10 Questions for a Broadway Pro. Volume 8: Rina Saltzman, Company Manager

Before I was a Producer, I spent about 10 years as a Company Manager for Broadway shows both in NYC and on the road.  And I loved every moment of it (except that time when a blizzard snowed my company in at the Best Western Westward Ho in Grand Forks, North Dakota).

Today you’re going to read the answers to our 10 Questions from one of the industry’s favorite CMs, Rina Saltzman.  I’ve worked closely with Rina on several occasions, and let me tell you something, the woman knows how to take care of a company. Count yourself lucky if you find yourself in her cast or crew.

Take it away, Rina!

1. What is your title?

Company Manager

2. What show/shows are you currently working on?

Billy Elliot National Tour, which is in a lovely long sit-down in Chicago.

3. In one sentence, describe your job.

I would describe my position as the day-to-day business manager, in-house marketing manager, HR department, Housing and Transportation Secretary, and Camp mom.

4. What skills are necessary for a person in your position?

Some of these are not skills but qualities:  patience, a sense of humor, appreciation for the artist, some business acumen, a knowledge of union rules, patience, the ability to juggle 5 or 6 things at once, to react calmly in a crisis and to be able to talk others off the ledge (this is especially helpful in production), an understanding – if not practical knowledge – of marketing, promotions and box office procedures.  Oh, and did I say patience?

5. What kind of training did you go through to get to your position?

I have a B.A. in Theatre Arts from Douglass College and a M.A. in Performing Arts Management from NYU, neither of which really helped me to get to this position.  I worked in a variety of jobs, ranging from Studio Supervisor on As The World Turns to Telemarketing Director for the Met Opera’s Centennial before I became a Company Manager, all of which prepared me to work with a wide range of artists, stagehands, marketing gurus and managers.  The best training came when I got my first company management position at American Ballet Theatre – 150 dancers, staff, crew, management, travelling around the world – and I found a mentor in my General Manager – that is the most anyone could want in this career, someone who cares enough to teach you.

6. What was your first job in theater?

On the day I graduated college, a friend told me that there was a job open as Box Office Treasurer at the George Street Playhouse – as I was leaving town, I stopped in, interviewed, and by the time I reached my parents’ house in Jersey City, I had the job and moved back to my college town.

7. Why do you think theater is important?
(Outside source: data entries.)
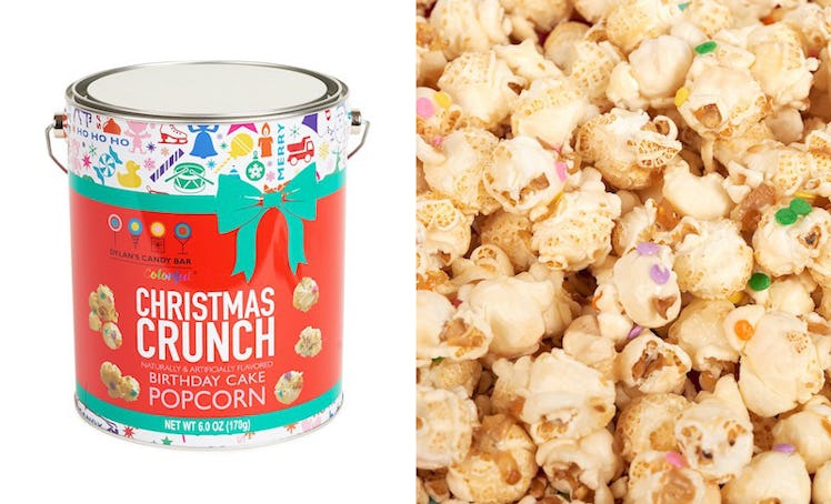 If you're a Target shopper with a sweet tooth, you might know that Dylan's Candy Bar teamed up with the go-to department store in early 2018 to create irresistible candy collaborations. In honor of the holiday season, the companies joined forces to create the "Dylan's Candy Bar Holiday Popcorn Tin" — aka Christmas Crunch — which is now being sold at Target. According to the product's online description, the six-ounce Christmas Crunch tin consists of birthday cake-flavored popcorn that'll make the holiday season so much sweeter.
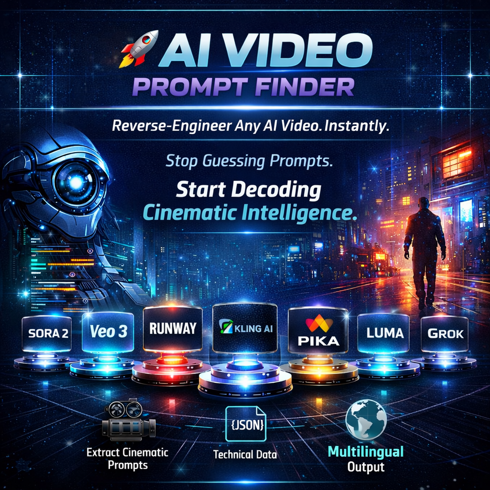 AI Video Prompt Finder is a premium prompt framework and analysis system designed to help you recreate and adapt AI-generated video styles with clarity and structure.
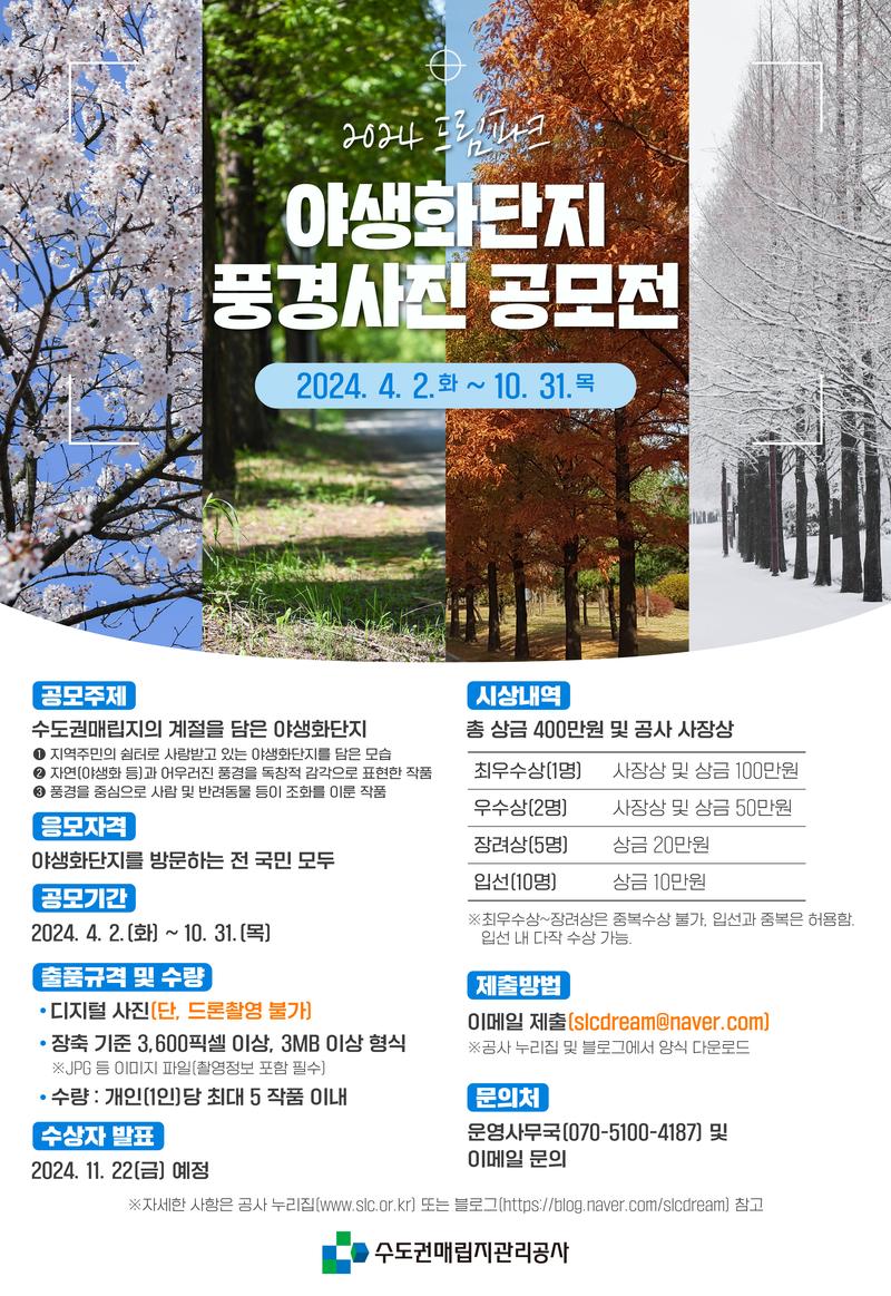 수도권매립지관리공사는 지역주민의 쉼터로 사랑받고 있는 드림파크 야생화단지의 아름다움을 널리 알리기 위해 '드림파크 야생화단지 풍경사진 공모전'을 개최합니다!
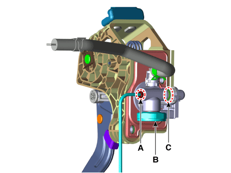 Снимите регулятор (В) с главного цилиндра после снятия стопорный штифт (С).
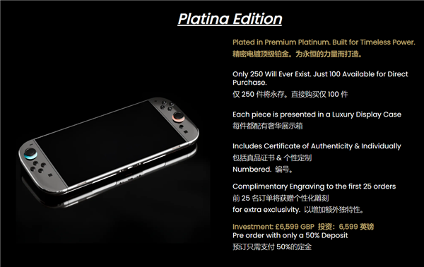 三个版本均全球限量250台,且只有100台可以直接购买,前25名预订用户可享受免费定制镌刻服务(可刻印姓名、徽标或纪念日期)、VIP专属优先发货通道以及限量编号徽章套装。
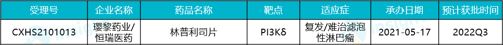 2021 年 5 月,林普利司治疗复发/难治滤泡性淋巴瘤的适应症申请获 CDE 受理,且被纳入优先审评程序。据悉,该药在 89 例(可评估病例)复发/难治滤泡性淋巴瘤患者中的客观缓解率(ORR)达 80% 以上,疾病控制率(DCR) 达 95% 以上。而且该药口服给药安全可控、耐受性好。恶心、腹泻、肝毒性等不良反应发生率低于同靶点药物文献报道。
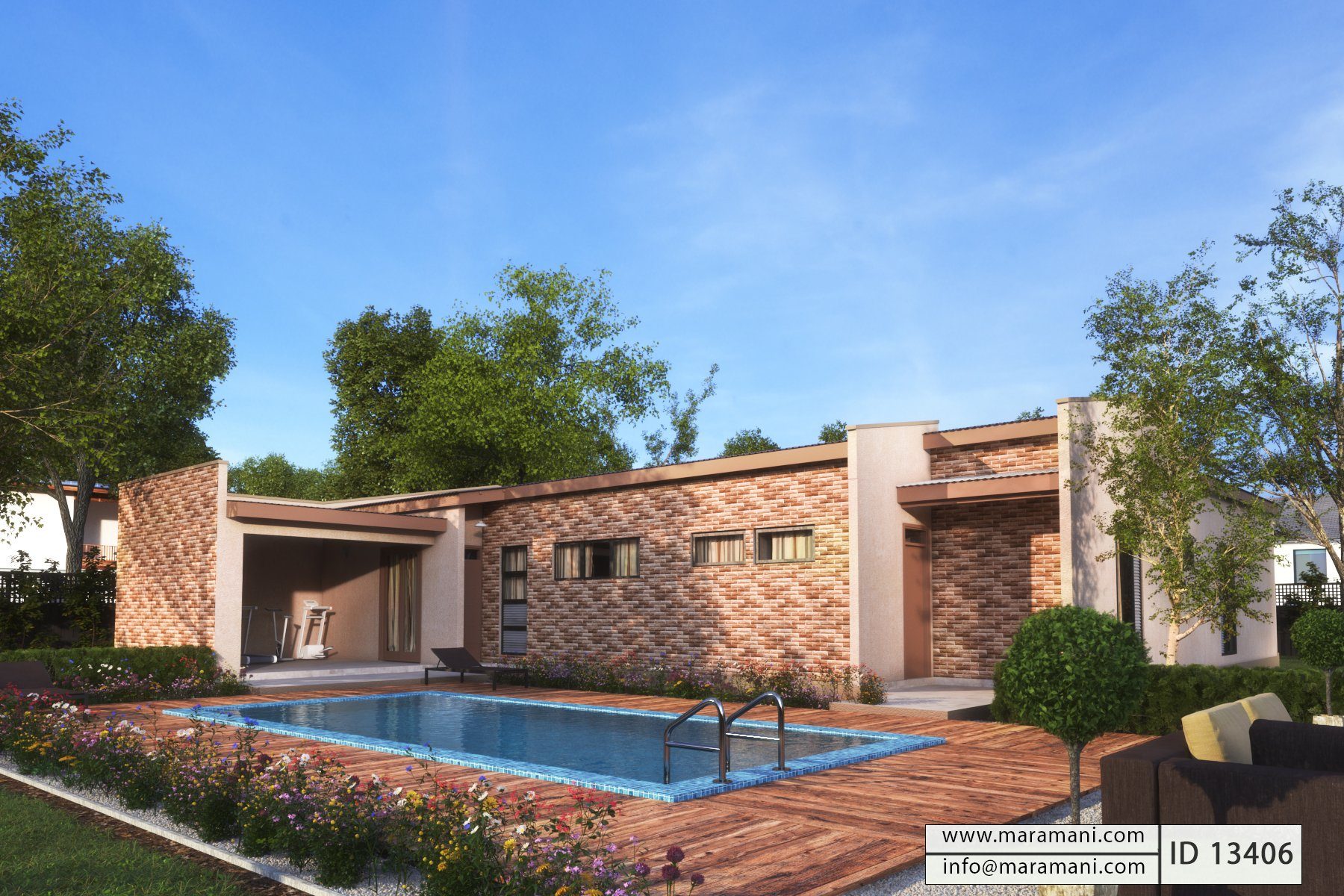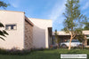 A beautiful modern house plan with 3 bedrooms of which one is an ensuite master bedroom. The plan closes off the front of the building from the living area and creates a private sanctuary eliminating noise and other disturbances from the street. From the entrance foyer, you have access to the open plan living room/kitchen/dining on one side and the bedrooms on the other side. The master bedroom has a walk-in closet and a big bathroom with space for both shower and bathtub. On the backside of the house, you also find a practical space for an outdoor gym or any other hobby you desire. This low-cost yet spacious house makes it ideal for any new family looking for a safe and practical home.

It changes lives.  Period.  Trite as that sounds, when I was managing the Bus and Truck of CATS, we played towns that had theatrical performances once or twice a year, if that.  I watched young children literally changed by the experience, in the same way I was when my parents took me to my first Broadway show when I was 5.

8. What is your profession’s greatest challenge today?

Company Management has evolved so much over the past 24 years.  When I started, the Company Manager basically did payroll, signed the box office statement, did a settlement and arranged travel and housing on tour, now we do that and so, so much more — we negotiate contracts, we work incessantly with our marketing teams and box offices to make sure we are optimizing sales, we deal with many more complex issues within our companies, and we watch the bottom line constantly.

9. If you could change just one thing about the industry with the wave of a magic wand, what would it be?

For my fellow Company, House Managers and Press Agents to be given their due within the industry.  (Full Disclosure – I am a member of the Board of Governors of ATPAM – the Association of Theatrical Press Agents and Managers).

10. What advice would you give to someone who wanted to do what you do?

Work anywhere you can get a job – intern, answer phones at a General Management office, run for coffee in production – you will learn an amazing amount about the business just by being around the business.  Don’t scoff at the small jobs – make yourself indispensable.  One of our NLA interns worked for me as an Assistant on Billy in Chicago and for his first job out of college, he is going to be the Asst. Company Manager of Mamma Mia on Broadway.

Comments
  • Richard says:

    How about the fact that Rina is a doll, as well?!

  • Number 10 is the most important one of all. Even at age 56, as a composer with several off-Broadway shows under my belt, I still call people I respect in the biz, or who I want to be around, and offer to answer their phones if they’ll just let me be there in the middle of the action.